Basic chatbot: Keeping context awareness
February 08, 2026
Welcome back! I hope you had a good holiday season and a great start to the new year. I ended up taking a little more time than I thought. Between holidays, traveling, and getting sick I managed to work on some coding, but could not get around to writing a blog post. Anyways, I’m back with the next post.
This week, I will demonstrate the basics of building a personal chatbot with a focus on prompt building and ensuring the chatbot remembers context. The models we will be using are GPT-2, which is the same as the model used in the last post, and GPT-4.1 nano. I will not be fine-tuning the GPT2 model since the point of this post is to show how to build a chatbot that maintains context, but if you are building one with a specific task in mind, you should align it to the task by fine-tuning the model as discussed in the previous post. GPT-4.1 nano does not need fine-tuning.
A chatbot differs from what we’ve previously covered in a specific aspect, which is context. A decoder, as in the previous post, is good for single-turn text generation but it will not be able to ‘‘hold’’ a conversation since they are inherently stateless. On the other hand, chatbots need to be able to remember what you previously said in the conversation and keep it for when you ask something related to it. For example, if you ask ‘‘how long does it take to get from San Francisco to Los Angeles?’’ The chatbot will answer your question. But if you then ask ‘‘once there, where can I get some good Mexican food?’’ The chatbot will no longer know that you are traveling from San Francisco to Los Angeles, so it will not know that you are trying to find Mexican food in Los Angeles.

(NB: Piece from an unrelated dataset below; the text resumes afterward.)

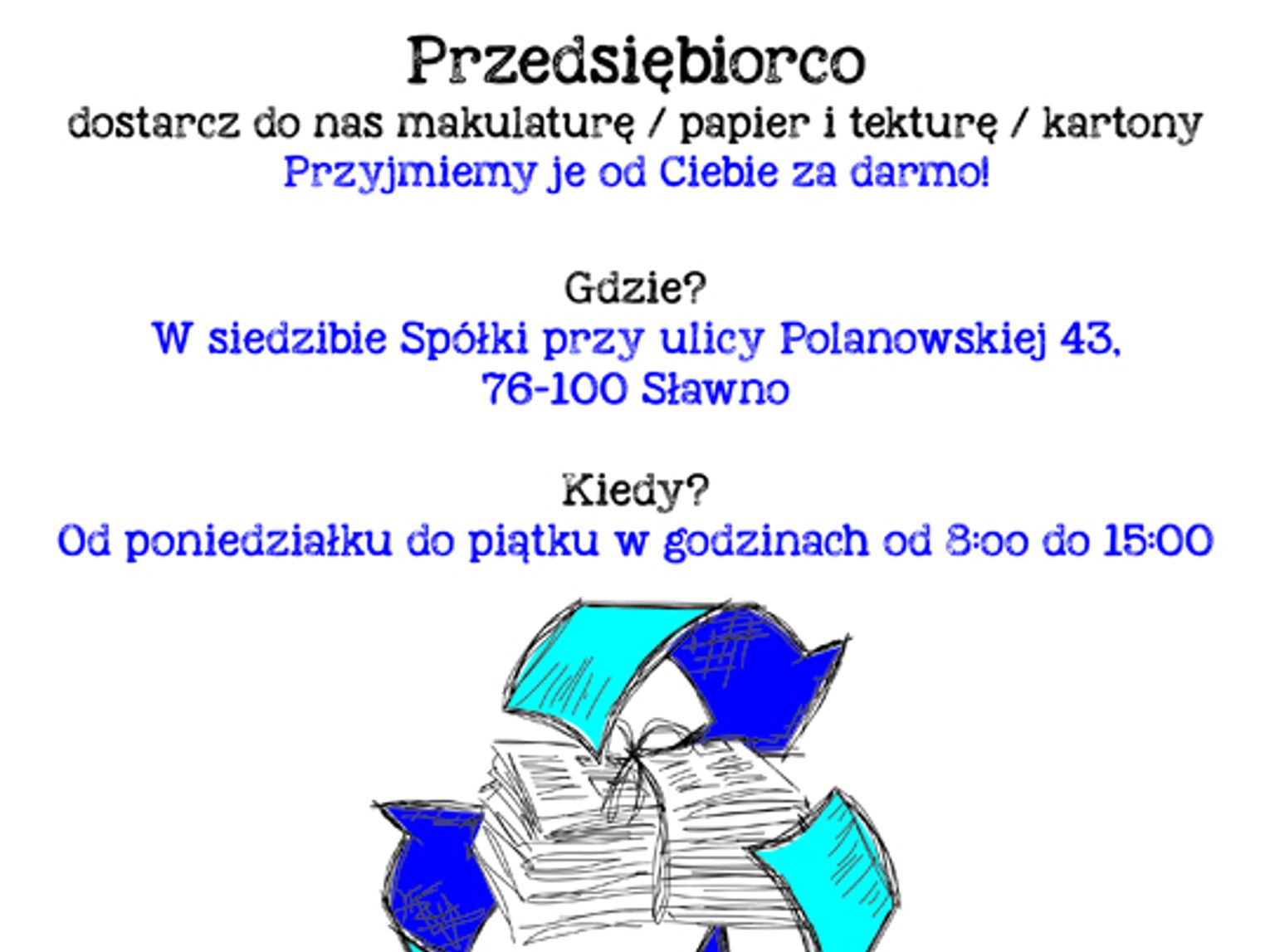 Makulaturę będzie można zdać za darmo do 30 września br. Należy ją dostarczyć do siedziby spółki przy ul. Polanowskiej 43, od poniedziałku do piątku w godzinach 8:00 15:00

This difference makes chatbots inherently more challenging to design since they must now maintain a dialogue state and generate fluent responses. We must constantly reconstruct the context and feed it back into the model. A few ways of doing this are:
- Sliding window memory
- Keeps the last $N$ messages and feeds them back into the model.
- This approach keeps the context prompt relatively small and reduces the computation needed to generate a response.
- Summarized memory
- Summarizes past dialogue and keeps last $N$ messages.
- This approach helps preserve important details that may have been discussed early in the conversation.
- Structured memory
- Stores information that is considered to be relevant, such as user preferences and tasks.
- This approach can help minimize the amount of information that is contained in the context prompt since it avoids unnecessary and redundant details. It also has the advantage of keeping the memory state separate from the conversation state since it is more so like storing information in a database that the model can reference.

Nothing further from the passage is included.